• **Work instructions**: Repeat everything from the first line of the listing below through the line that contains "最後が砂糖になるようにして空気を抜いてジッパーを閉じる。", exactly. Leave out pictures.

• **Source data**:
*** Block opens ***
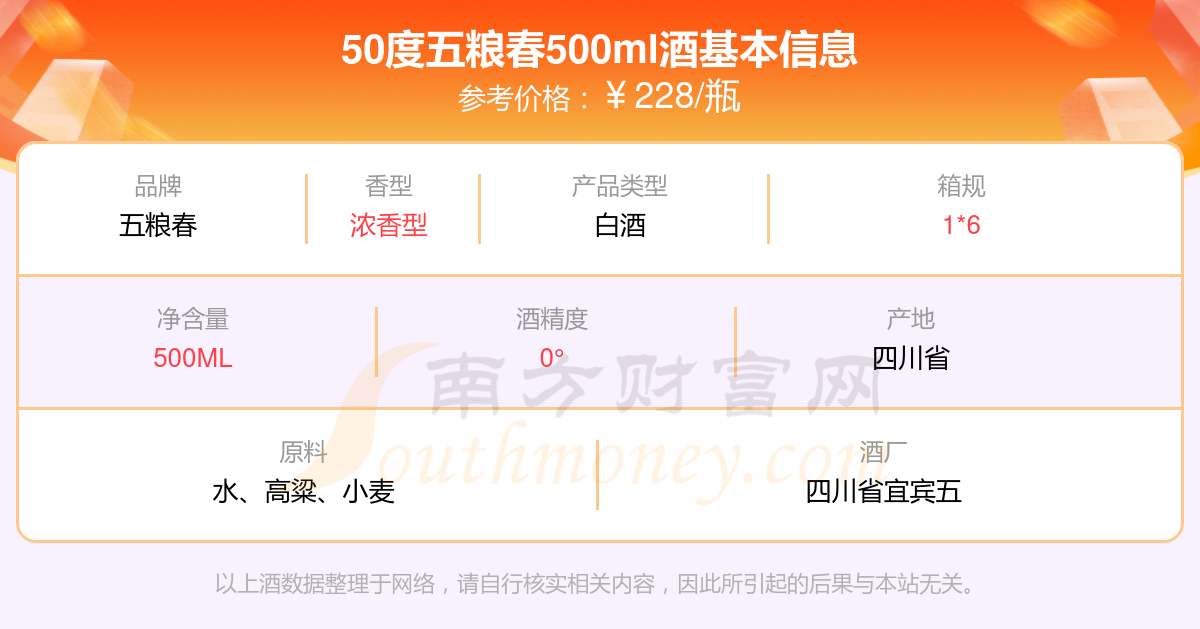 50度五糧春500ml基本信息
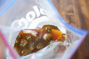 最後が砂糖になるようにして空気を抜いてジッパーを閉じる。
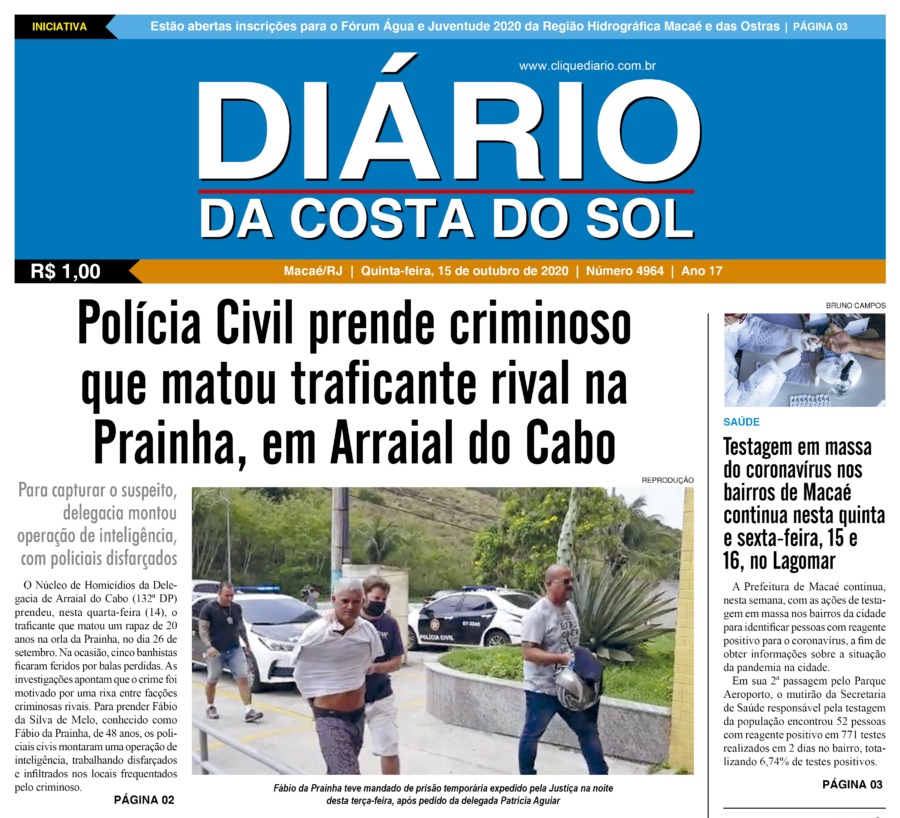 Edições Impressas Edição de quinta-feira 15/10/2020 nº 4964 Publicado em 15/10/2020 - 04:11 Escrito por Fernando Vitor Notícias relacionadas:destaque Seguinte Edição de sexta-feira 16/10/2020 nº 4965 Anterior Edição de quarta-feira 14/10/2020 nº 4963 Fernando Vitor Notícias Recentes Política51 minutos atrás TCE-RJ destaca equilíbrio financeiro e aprova contas da Prefeitura de Macaé referentes a 2024 Cabo Frio6 horas atrás Cabo Frio: Caso Alexu Rosa reacende debate sobre violência doméstica e impunidade Arraial do cabo6 horas atrás ONU escolhe Arraial do Cabo para sediar evento mundial voltado ao meio ambiente Esporte6 horas atrás Escola de Vela de Rio das Ostras tem 5 alunos selecionados para o Campeonato Brasileiro Cidades7 horas atrás Macaé recebe 2ª Feira de Cordel e Cultura Nordestina neste sábado (8) Cidades7 horas atrás Macaé se destaca em fórum regional e reforça protagonismo na educação inclusiva Meio Ambiente7 horas atrás Programa do governo estadual promove limpeza de rio no Âncora, em Rio das Ostras Cabo Frio7 horas atrás Prefeitura de Cabo Frio participa de discussão sobre novas normas para reciclagem e reaproveitamento de materiais Polícia7 horas atrás Homem é preso em Campos após agredir a própria filha de 14 anos Cabo Frio7 horas atrás Acordo entre Prefeitura de Cabo Frio e Estado dá novo ritmo ao trabalho da 126ª DP Clique Diário E. L. Mídia Editora Ltda CNPJ: 09.298.880/0001-07 Redação: Rua Tupinambás 122 Gloria – Macaé/RJ comercial@diariocs.com (22) 2765-7353 (22) 999253130 Mais lidas da semana Mobilidade5 dias atrás Rio das Ostras intensifica ações de combate a irregularidades no trânsito Cidades1 dia atrás HFM ganha novo Pronto-Socorro moderno e ampliado em Campos Educação6 dias atrás Cerimônia no Teatro fecha o 2º Prêmio Literário do Ensino Fundamental de Rio das Ostras Cabo Frio6 dias atrás Cabo Frio amplia medidas de preservação com novas placas e plantio de espécies nativas
*** Block closes ***
• **Solution to the problem**:
 50度五糧春500ml基本信息
 最後が砂糖になるようにして空気を抜いてジッパーを閉じる。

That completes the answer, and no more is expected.